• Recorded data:
════════════════════
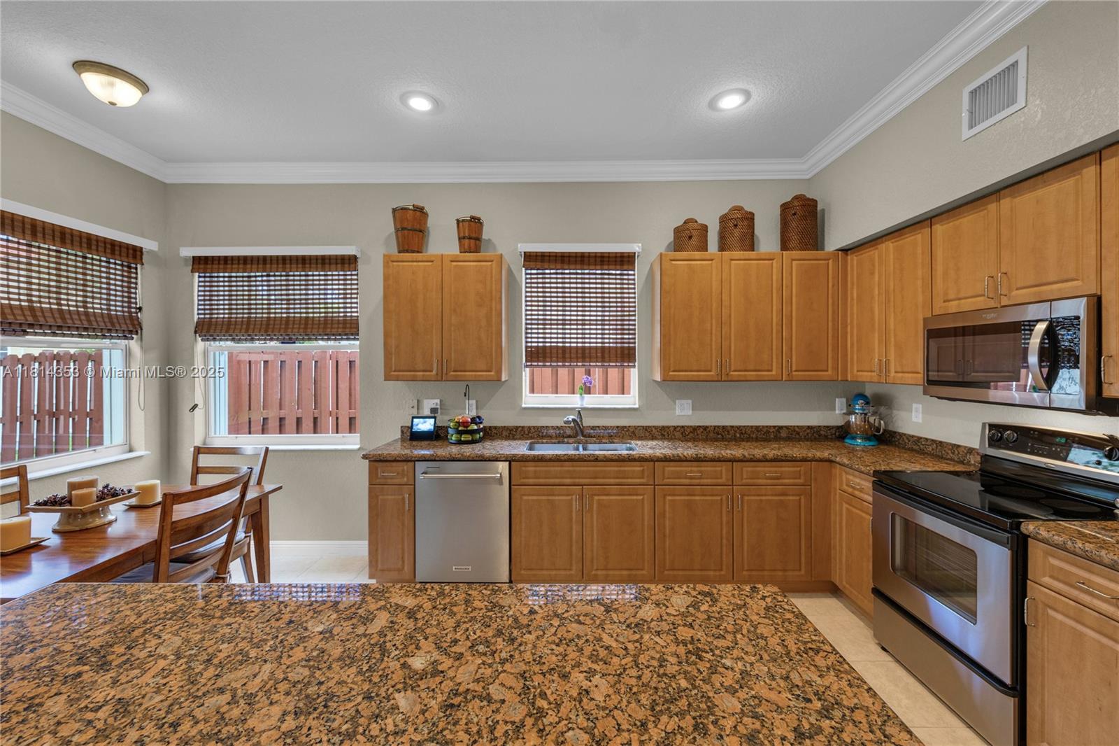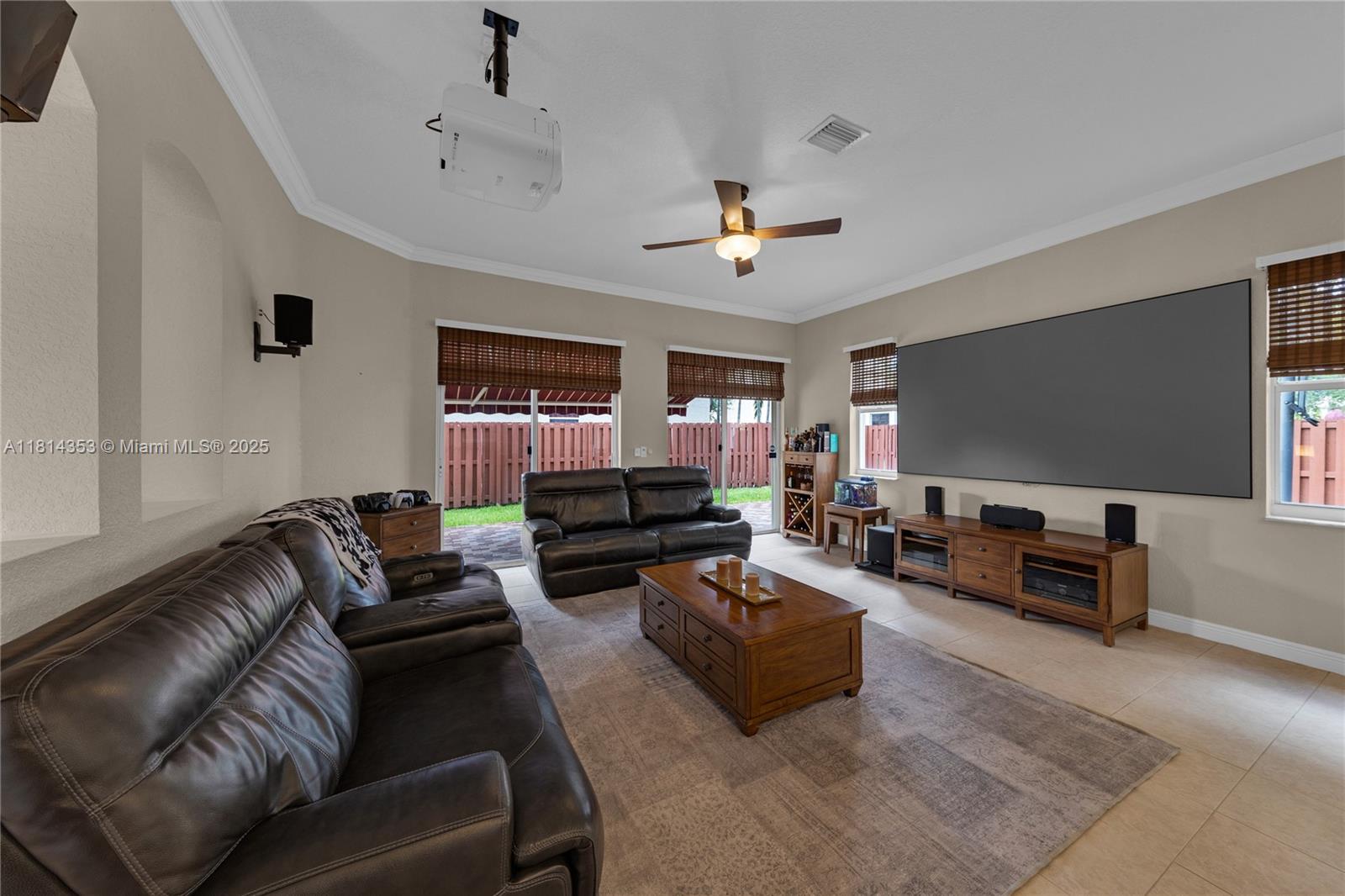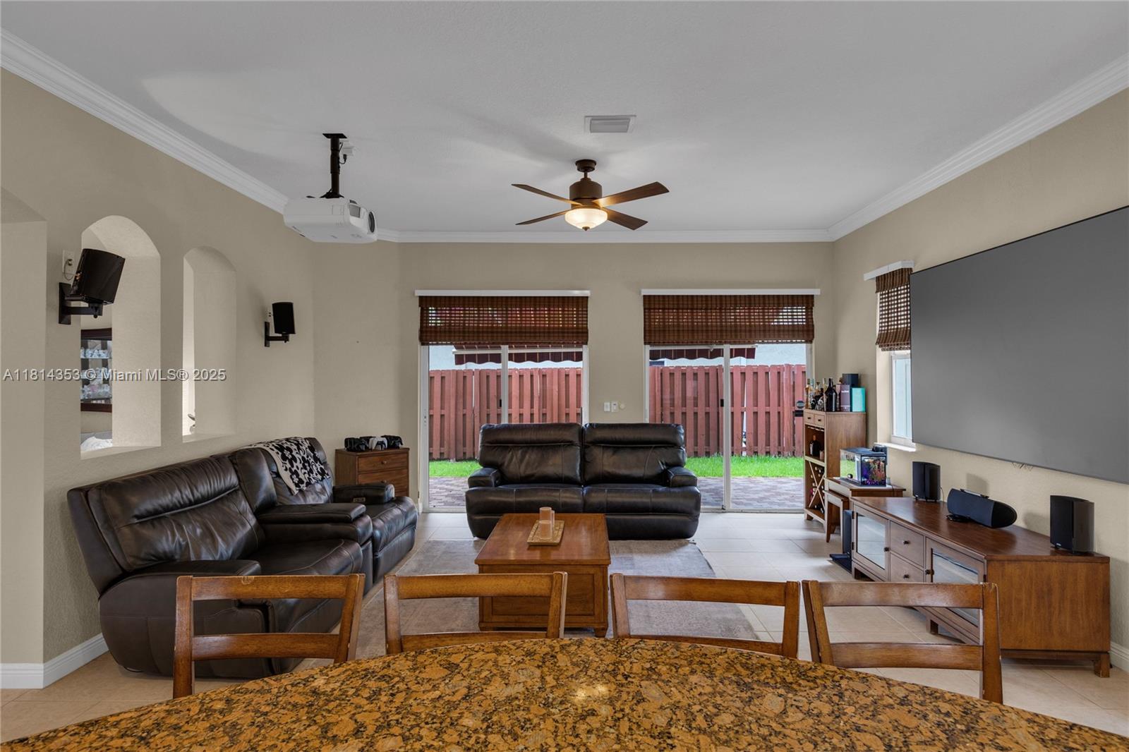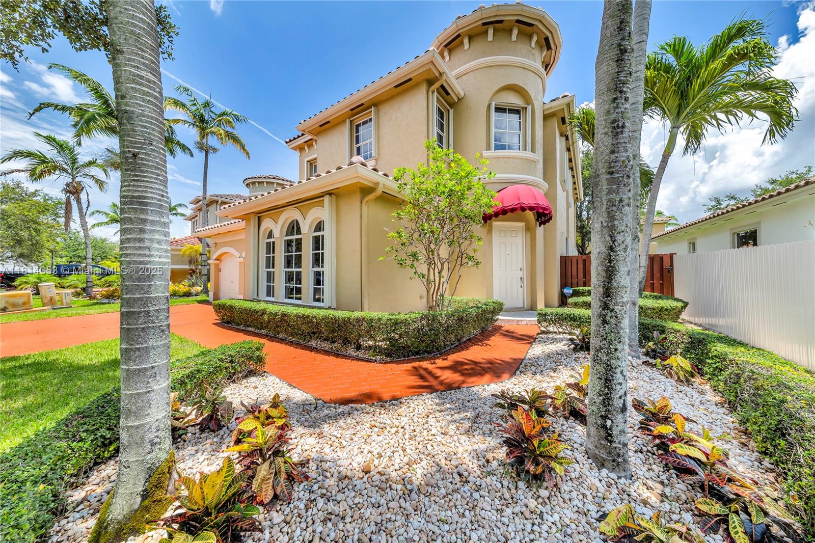 Welcome to this stunning 4-bedroom, 3-bath two-story SMART home, featuring a convenient ground-level bedroom and bath. This impeccably maintained home showcases smart home features, including a Ring Security System and cameras, Smart Locks, a Nest Smart Thermostat, Lutron Smart Lighting, fiber-optic internet, and Wi-Fi-enabled washer and Dryer. Remote-controlled garage door, Home Theater System, ensuring a modern living experience. Fenced-in backyard with pavers and retractable awning. 2025 Rheem 50-gallon water heater with lifetime warranty. Accordion shutters provide added safety and peace of mind. This gated community includes a playground within walking distance. Centrally located close to the Miami-Dade County line. Minutes to FLL airport, beach, and major highways. Low HOA.
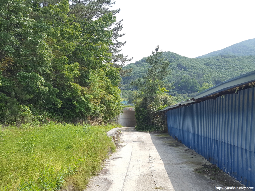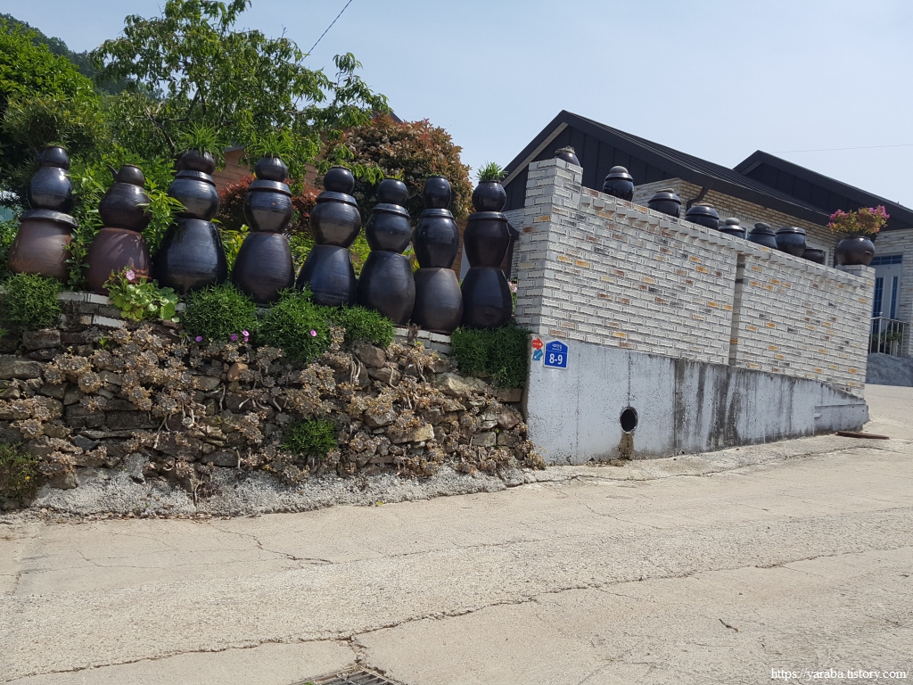길은 벽을 항아리로 장식해 놓은 농장 앞에서 우회전하여 마북산을 보면서 남쪽으로 농로를 걸어 내려간다. 항아리 장식을 해 놓은 농장은 포두팜이라는 이름으로 귀농한 부부가 샤인머스켓을 재배한다고 한다.
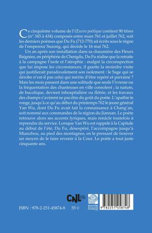 Ce cinquième volume de l’ Œuvre poétique contient 90 titres (n° 345 à 434) composés entre mars 761 et juillet 762, soit les derniers poèmes que Du Fu (712-770) ait écrits sous le règne de l’empereur Suzong, qui décède le 16 mai 762. Un an après son installation dans sa chaumière des Fleurs Baignées, en périphérie de Chengdu, Du Fu réalise que la retraite à la campagne l’isole et l’atrophie : malgré la circonspection que lui impose les circonstances, il guette la moindre visite qui justifierait paradoxalement son isolement : le Sage qui se dérobe n’est-il pas celui qui mérite d’être repéré et parrainé ? Mais les mois passent dans une solitude que seule l’ivresse ou la fréquentation des chanteuses en ville consolent ; la nature, de bucolique, devient inhospitalière ou flétrie, et les travaux des champs s’avèrent ne pas être du goût du poète. L’apathie le ronge, jusqu’à ce qu’au début du printemps 762 le jeune général Yan Wu, dont Du Fu avait fait la connaissance à Chang’an, soit nommé aux commandes de la région du Jiannan. Le poète retrouve alors ses accents lyriques, mais renâcle toutefois à reprendre du service. Lorsque Yan Wu est rappelé à la Capitale au début de l’été, Du Fu, désespéré, l’accompagne jusqu’à Mianzhou, au pied des montagnes, en le pressant de trouver un moyen de le faire revenir à la Cour. Le poète a tout juste cinquante ans.
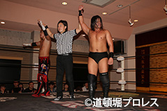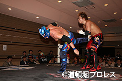 試合は一進一退の攻防で後半畳み掛けたTORUがドゥラメンテで王者ラ・ピートから完璧な3カウントを奪う。
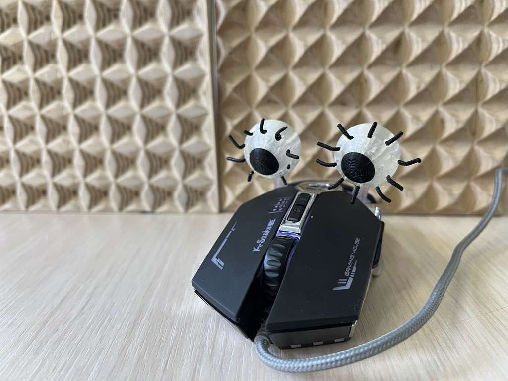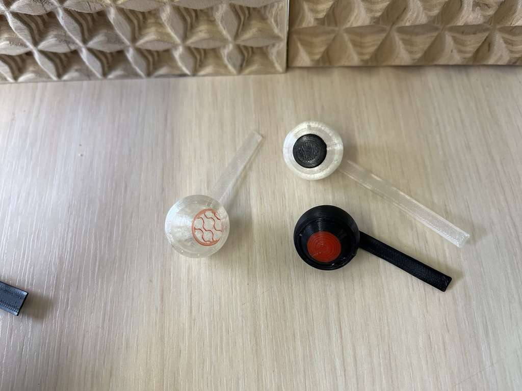 In addition, I decided to print the eyes for my final project car-robot. The goal was to design eyes that would move when attached to the vehicle and set in motion. In other words, I created a model where a small inner sphere can move freely inside a larger, partially enclosed sphere.
════════════════════
• What the task asks: Line by line, print the records above exactly, skipping each picture.

• Result for this task:
 Welcome to this stunning 4-bedroom, 3-bath two-story SMART home, featuring a convenient ground-level bedroom and bath. This impeccably maintained home showcases smart home features, including a Ring Security System and cameras, Smart Locks, a Nest Smart Thermostat, Lutron Smart Lighting, fiber-optic internet, and Wi-Fi-enabled washer and Dryer. Remote-controlled garage door, Home Theater System, ensuring a modern living experience. Fenced-in backyard with pavers and retractable awning. 2025 Rheem 50-gallon water heater with lifetime warranty. Accordion shutters provide added safety and peace of mind. This gated community includes a playground within walking distance. Centrally located close to the Miami-Dade County line. Minutes to FLL airport, beach, and major highways. Low HOA.
길은 벽을 항아리로 장식해 놓은 농장 앞에서 우회전하여 마북산을 보면서 남쪽으로 농로를 걸어 내려간다. 항아리 장식을 해 놓은 농장은 포두팜이라는 이름으로 귀농한 부부가 샤인머스켓을 재배한다고 한다.
 Ce cinquième volume de l’ Œuvre poétique contient 90 titres (n° 345 à 434) composés entre mars 761 et juillet 762, soit les derniers poèmes que Du Fu (712-770) ait écrits sous le règne de l’empereur Suzong, qui décède le 16 mai 762. Un an après son installation dans sa chaumière des Fleurs Baignées, en périphérie de Chengdu, Du Fu réalise que la retraite à la campagne l’isole et l’atrophie : malgré la circonspection que lui impose les circonstances, il guette la moindre visite qui justifierait paradoxalement son isolement : le Sage qui se dérobe n’est-il pas celui qui mérite d’être repéré et parrainé ? Mais les mois passent dans une solitude que seule l’ivresse ou la fréquentation des chanteuses en ville consolent ; la nature, de bucolique, devient inhospitalière ou flétrie, et les travaux des champs s’avèrent ne pas être du goût du poète. L’apathie le ronge, jusqu’à ce qu’au début du printemps 762 le jeune général Yan Wu, dont Du Fu avait fait la connaissance à Chang’an, soit nommé aux commandes de la région du Jiannan. Le poète retrouve alors ses accents lyriques, mais renâcle toutefois à reprendre du service. Lorsque Yan Wu est rappelé à la Capitale au début de l’été, Du Fu, désespéré, l’accompagne jusqu’à Mianzhou, au pied des montagnes, en le pressant de trouver un moyen de le faire revenir à la Cour. Le poète a tout juste cinquante ans.
 試合は一進一退の攻防で後半畳み掛けたTORUがドゥラメンテで王者ラ・ピートから完璧な3カウントを奪う。
 In addition, I decided to print the eyes for my final project car-robot. The goal was to design eyes that would move when attached to the vehicle and set in motion. In other words, I created a model where a small inner sphere can move freely inside a larger, partially enclosed sphere.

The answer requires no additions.